Following that, the fruits of a search were declared inadmissible as a protective sweep in the Army case of United States v. Keefauver, 74 M.J. 230 (C.A.A.F. Jun. 12, 2015) (CAAFlog case page), because “the Government did not attempt to prove that the searching officer held either such belief [that the areas to be swept harbor one or more individuals and that the individual or individuals pose a danger to the agents or others], nor did it present facts and inferences that would objectively support either such belief.” On remand the ACCA added that the evidence also failed to support a finding that the discovery of the evidence was inevitable, leading to the complete reversal of the appellant’s convictions for wrongfully possessing drug paraphernalia and unregistered weapons on-post, wrongfully possessing marijuana, and child endangerment.
And then CAAF reversed the sexual assault conviction of a reserve Air Force officer in United States v.
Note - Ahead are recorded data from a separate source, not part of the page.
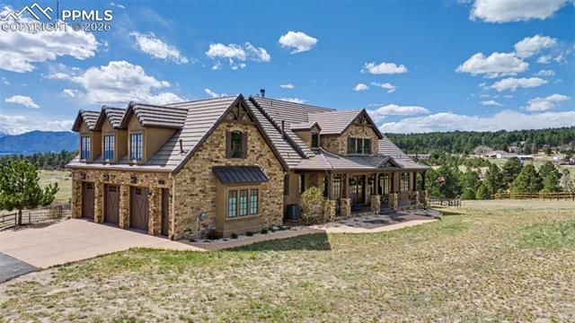 Experience Colorado living at its finest in this stunning custom estate, set on 8+ private acres, showcasing truly breathtaking mountain views. Designed with exceptional craftsmanship & attention to detail, the main level features wide-plank Georgia Pine Hardwood floors, a soaring great room with a dramatic double-sided gas stone fireplace, & rich architectural elements including wood beams, alder trim, & custom frame-and-panel finishes throughout. The executive office with built-ins & a formal dining room, create an ideal setting for both work & entertaining. At the heart of the home, the gourmet kitchen impresses with cherry cabinetry, granite countertops, a premium Wolf Range with custom hood, dual Bosch stainless steel dishwashers, a spacious pantry, and a cozy sitting area. This home offers incredible versatility with a massive upper-level loft above the garage, perfect for a 7th bedroom, another family room, rec room, or creative space. The luxurious primary suite is a true retreat, complete with a spa-inspired bathroom & radiant floor heating. The walk-out basement features a second kitchen/wet bar, theater room (currently used as an exercise room), a 4th fireplace, & direct access to the lower-level garage. Car enthusiasts will appreciate the rare 5-car garage setup, with a 3-car upper garage & 2-car lower garage. Outdoor living is just as impressive, with an expansive upper deck & lower patio, ideal for gatherings while taking in the panoramic views. Additional features include multi-zone climate control, Class 4 Slate roof, dual A/C systems, a 6-person hot tub, central audio/media system, radon mitigation, central vacuum, generator wiring, Trex deck stairs, built-in grill, outdoor stone fireplace (gas), & a private yard with mature trees & basketball court. Zoned for horses & complete with a loafing shed, this property offers the perfect blend of luxury, comfort, & Colorado lifestyle. Located within the highly sought-after District 20 schools.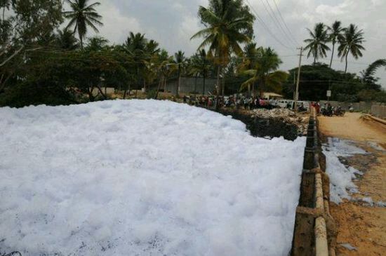 繼印度Varthur湖面因污染嚴(yán)重泛起泡沫之后,現(xiàn)在輪到Bellandur湖附近的居民擔(dān)心了。這些泡沫甚至還燃起了火苗,讓當(dāng)?shù)鼐用窈吐愤^(guò)的人都非常驚慌。 在過(guò)去幾周,班加羅爾的Bellandur湖被幾英尺厚的白色有毒泡沫覆蓋,遠(yuǎn)看就如白雪一般。而在白色泡沫之下,是被化學(xué)物質(zhì)和污水污染而變成黑色的湖水。附近的濕地過(guò)去對(duì)湖水起到了過(guò)濾的作用,卻都已經(jīng)在開(kāi)發(fā)過(guò)程中被破壞了。失去了具有天然凈化作用的濕地,這些湖的污染變得很難控制。 當(dāng)?shù)匚廴局卫砭值墓賳T表示,這是第一次人們觀察到這種現(xiàn)象。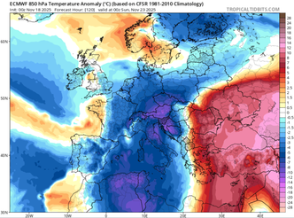 Contestualmente, le temperature subiranno un ulteriore deciso calo, con valori massimi che, su molte località del Nord e dell’Appennino, non supereranno i 6-8°C. Al Centro-Sud, il crollo termico sarà meno marcato ma comunque significativo, con differenze fino a 8-10°C rispetto ai giorni precedenti. Il profilo termico generale si porterà al di sotto delle medie stagionali, specie al Centro-Nord, con anomalie negative anche superiori ai 3°C.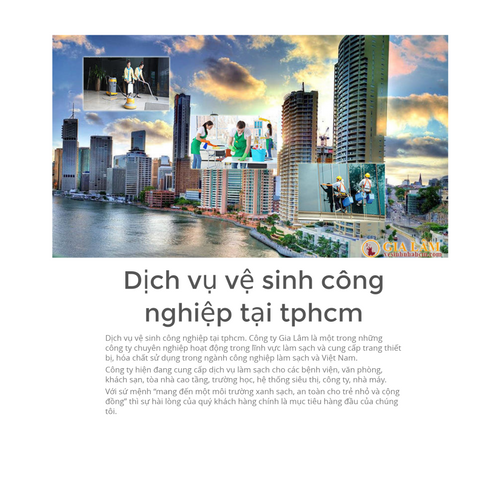 Dịch vụ vệ sinh công nghiệp tại tphcm. Công ty Gia Lâm là một trong những công ty chuyên nghiệp hoạt động trong lĩnh vực làm sạch và cung cấp trang thiết bị, hóa chất sử dụng trong ngành công nghiệp làm sạch và Việt Nam.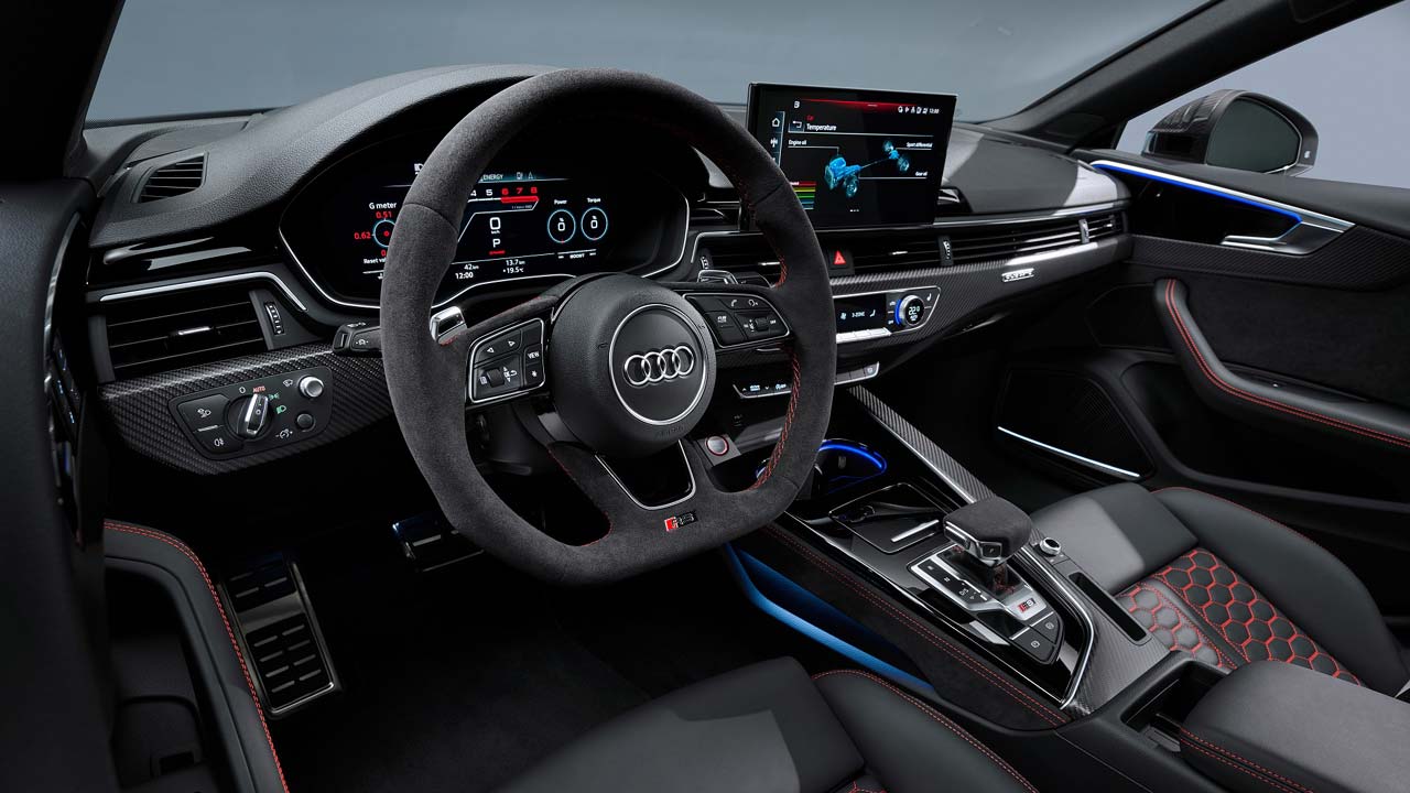 Η ψηφοποίηση στην καμπίνα και αυτού του μοντέλου της Audi είναι… ολοκληρωτική. Το νέο μοντέλο λειτουργίας των δύο μοντέλων RS 5 επικεντρώνεται στην οθόνη αφής MMI 10,1 ιντσών. Αν το αυτοκίνητο εφοδιάζεται με το σύστημα πλοήγησης MMI navigation plus, μια συγκεκριμένη οθόνη RS παρέχει στον οδηγό πληροφορίες σχετικά με τη θερμοκρασία οδήγησης, τη διαμήκη και πλευρική επιτάχυνση, το σπορ διαφορικό quattro, την πίεση ελαστικών και τη θερμοκρασία ελαστικών.

Nettles, 74 M.J. 289 (C.A.A.F. Jul 6, 2015) (CAAFlog case page), because the Government did not recall him to active duty when it had the opportunity and authorization to do so (resulting in his automatic discharge for failure of promotion in the reserves).
Finally, in its last decision of the September 2014 Term, CAAF found significant flaws in the prosecution’s handling of discovery involving the alleged sexual assault of a child in the Army case of United States v. Stellato, 74 M.J. 473 (C.A.A.F. Aug. 20., 2015) (CAAFlog case page). As a result the court affirmed the military judge’s ruling that dismissed the charges with prejudice.
It is unreasonable to expect absolute perfection from military prosecutors, of course, and there are important lessons that all military justice practitioners must learn from such mistakes. But these high-profile Government bloopers are deserving of special mention and their quantity and seriousness made them our #2 Military Justice Story of 2015.